• Exercise goal: In the data below, repeat the line containing "تا پیش از این،" and every following line exactly, up to and including the last line. Exclude pictures.

(Input for this task)

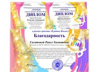 Поздравляем Тулисову Анастасию - Лауреат III степени, Нуриеву Камилю - Лауреат III степени и их преподавателя Сагитову Раису Хамитовну с Победой в VII Республиканском фестивале-конкурсе "ПРОРЫВ" в рамках проекта "В ритме жизни!"
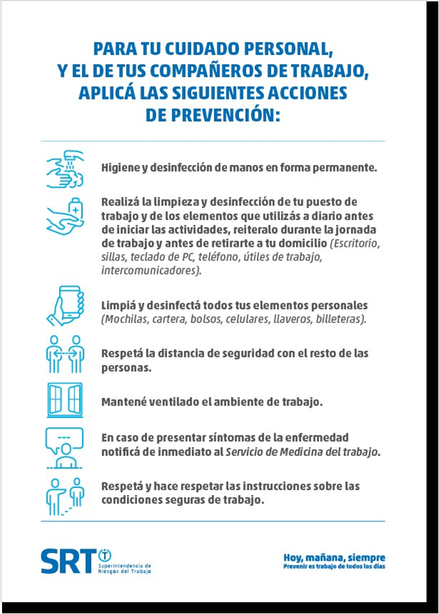 Si bien este protocolo es para la SRT, marca un ejemplo para aquellas actividades que se reanuden. El regreso al trabajo solo puede ir acompañado de un protocolo de prevención. Se publica una parte.
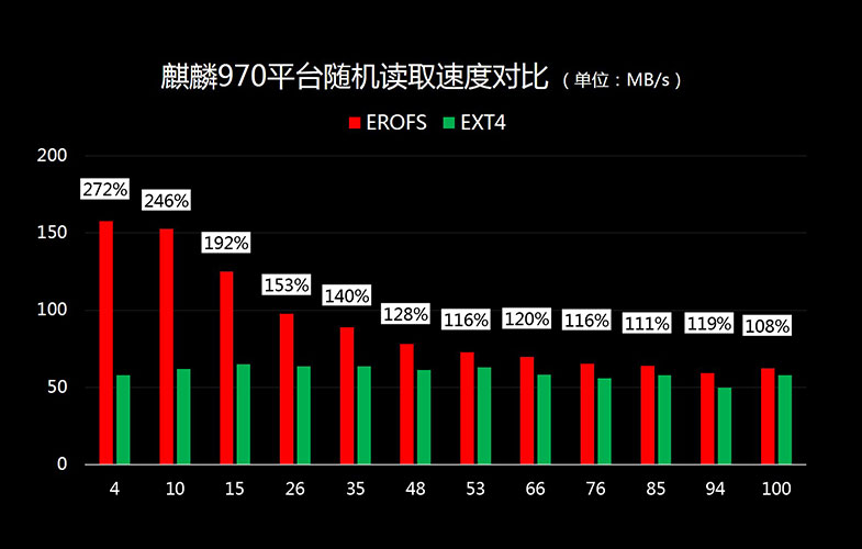 تا پیش از این، سیستم فایل P2FS استانداردی بود که بهبود عملکرد را در خواندن و نوشتن اطلاعات، در تعامل با حافظههای فلش به همراه داشت. این در حالی است که حالا با استفاده از EROFS (سیستم فایل فقط خواندنی با قابلیت توسعه یا همان Extendable Read-Only File System) به عنوان نسل جدید سیستم فایلها، این سرعت در مقایسه با سیستم فایل EXT4 تا ۲۰ درصد بهبود یافته است.
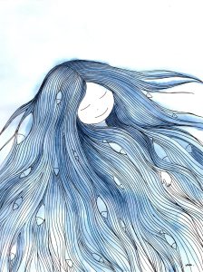 La femme-élément : série commencée en 2020 et encore en cours. Aquarelle, dessin et parfois collage sur papier Canson 120 g.
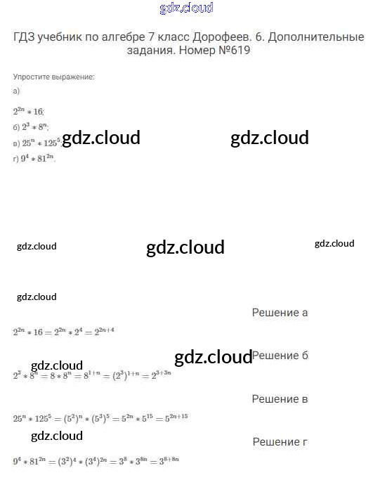 Ответ на задание 619 Учебник Алгебра  за 7 (седьмой) класс Дорофеев, Суворова, Бунимович Академический школьный учебник  2020
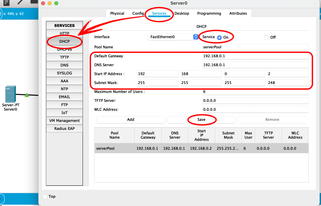 Selanjutnya plih menu Services, klik DHCP (seperti materi sebelumnya) dan konfigurasi sesuai gambar.
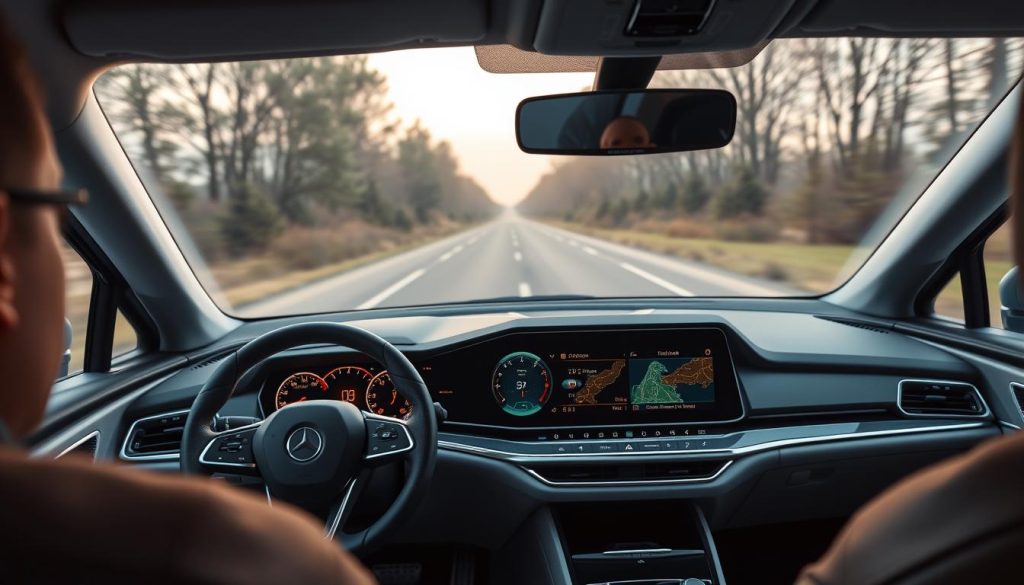 Voice control lets drivers do many things with simple voice commands. They can change the music or set their route. Gesture recognition lets drivers control things with hand movements. This means they don’t have to take their hands off the wheel.

(End Input for this task)

• Solved exercise:
 تا پیش از این، سیستم فایل P2FS استانداردی بود که بهبود عملکرد را در خواندن و نوشتن اطلاعات، در تعامل با حافظههای فلش به همراه داشت. این در حالی است که حالا با استفاده از EROFS (سیستم فایل فقط خواندنی با قابلیت توسعه یا همان Extendable Read-Only File System) به عنوان نسل جدید سیستم فایلها، این سرعت در مقایسه با سیستم فایل EXT4 تا ۲۰ درصد بهبود یافته است.
 La femme-élément : série commencée en 2020 et encore en cours. Aquarelle, dessin et parfois collage sur papier Canson 120 g.
 Ответ на задание 619 Учебник Алгебра  за 7 (седьмой) класс Дорофеев, Суворова, Бунимович Академический школьный учебник  2020
 Selanjutnya plih menu Services, klik DHCP (seperti materi sebelumnya) dan konfigurasi sesuai gambar.
 Voice control lets drivers do many things with simple voice commands. They can change the music or set their route. Gesture recognition lets drivers control things with hand movements. This means they don’t have to take their hands off the wheel.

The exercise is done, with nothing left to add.